Do you ever see something beautiful in nature; and you want to touch it but know that you shouldn’t? You have this unnatural need to feel it between your fingers, smell it, search it recklessly with your eyes as your fingers delve into its mysteries. But you know that you shouldn’t. Take for example, this beautiful tiger (that is pictured above). She was at the Sacramento Zoo for many years, bared many cubs, and was living quite happily. Her mate died from complications due to cancer. The zookeepers decided to find her a new mate. They took the necessary precautions and introduced the two of them. She was killed almost instantly when he attacked her. Everyone was left wondering, what happened? They had waited until the two had shown the proper signs of acceptance. She was in heat, ready for his approval. And yet, he attacked her almost instantly and she died quickly from it.
This makes me wonder about the things we do to “improve” the lives of those with an over abundance of awesomeness, otherwise known as “special needs.” For example: Little Man started ABA therapy. He started it Tuesday of last week, and had it again Wednesday, but that was it because of the holiday weekend (Thanksgiving). Since he has a nap from 11:30 until 1:45 (when we have to go get my daughter from school) they have to cut his ABA sessions in half. And since the therapist already has a little man to help in the afternoons, she can only see my Little Man in the mornings. A new therapist will be added to the schedule as soon as they find another one to fill the slot. But anyway. The first two days, last week, were for getting to know him and filling out paperwork. Yesterday was officially his first day of therapy, but the ABA person was writing out a plan for the therapist, so she spent a lot of time playing with him, but not much ABA happened.
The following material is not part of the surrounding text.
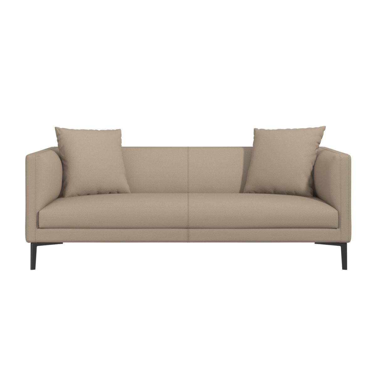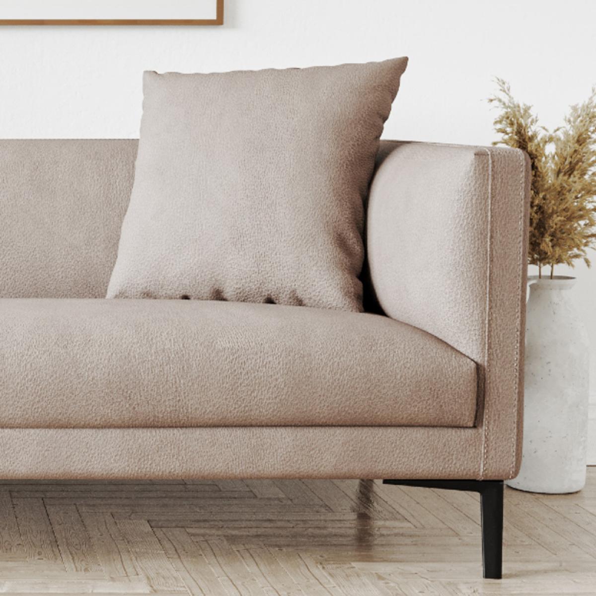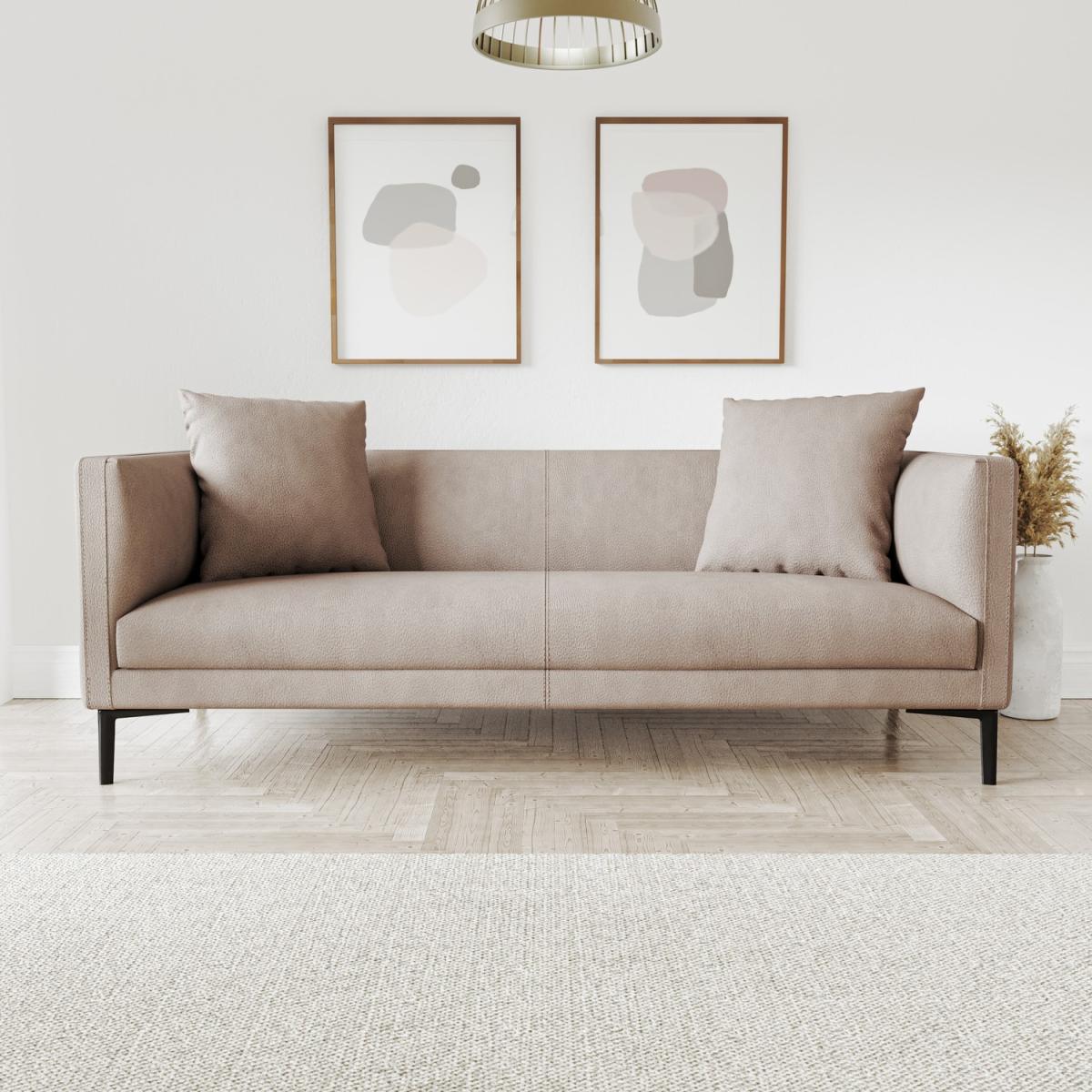Features we love Beige three-seater sofa with contrasting metal legs. Upholstered in soft faux leather with stitch detailing. Simple Nordic inspired design with curved padded arms. Foam-filled seat and back cushions for added comfort Minimal assembly required just attach the legs. All about me Discover maximum comfort and minimum maintenance with this 3-seater sofa. Upholstered is a gorgeous soft faux-leather upkeep could not be easier simply wipe clean to get rid of any accidental spills. This plush beige sofa is sure to add interest to any natural colour scheme and bring some warmth into your space. It has a high build quality with a eucalyptus and plywood frame finished with sturdy black powder-coated metal legs. It comfortably seats three and comes accompanied with two matching throw cushions which add a final flourish of elegance. Need to know. Dimensions. H72 x W200 x D85cm Weight. 46kg Max supported weight. 110kg per seat Colour. Beige Finish. Upholstered Material. Faux leather with eucalyptus and plywood frame with metal legs Filling type. Foam Cushions included. Yes Assembly required. Yes - just the legs..

Technically, it would mean today was the first true day of therapy for him.
Little Man is none-verbal. He doesn’t say “mama” “dada” or any other sounds. He doesn’t scream, he rarely cries, and is generally a very calm and loving little boy. That is, until today. I sat with the therapist and played, taught, and pushed his intellectual boundaries, right beside the ABA therapist and the play therapist (who was there for half an hour today, like all Tuesdays). He came to me and sat in my lap when he was clearly done playing with the 3 of us and following our directions. I held him, comforted him, told him I understood, and that it was time for a break. As soon as the play therapist had left, I needed to make his lunch. The ABA therapist played with him, one of his favorite games (chase) and I made his lunch. I put it on the table and called him over. He yelled and put out his hand to say no, only; he was motioning at her. She sat down at the table and I tried to get him to sit and eat. He screamed and tried to get out of his seat. He has never done that before.
I put his lunch on the couch, like I usually do when he signs that he doesn’t want to be at the table anymore. He continued to scream and reached up for me. He doesn’t usually reach up for me. He motioned again “no” toward her, so I took him into the living room. He screamed at the top of his lungs, banged his head against the couch, hit the couch with both hands, looked up at me, and cried. He has NEVER done anything like this before. I saw a side of him that most people connect with Autism, but one I had never witnessed from him. It was an absolute explosion of emotions. He was so distraught, sad, frustrated, angry, tired, and I don’t even know what else, that he exploded in all of the physical ways he could muster. I wasn’t angry. I was blown away with complete sadness. I had done this to him. I brought a stranger into our home. I had turned over his world. I allowed her to “help” and even helped her do it. This, of course, is all for his own benefit. Right?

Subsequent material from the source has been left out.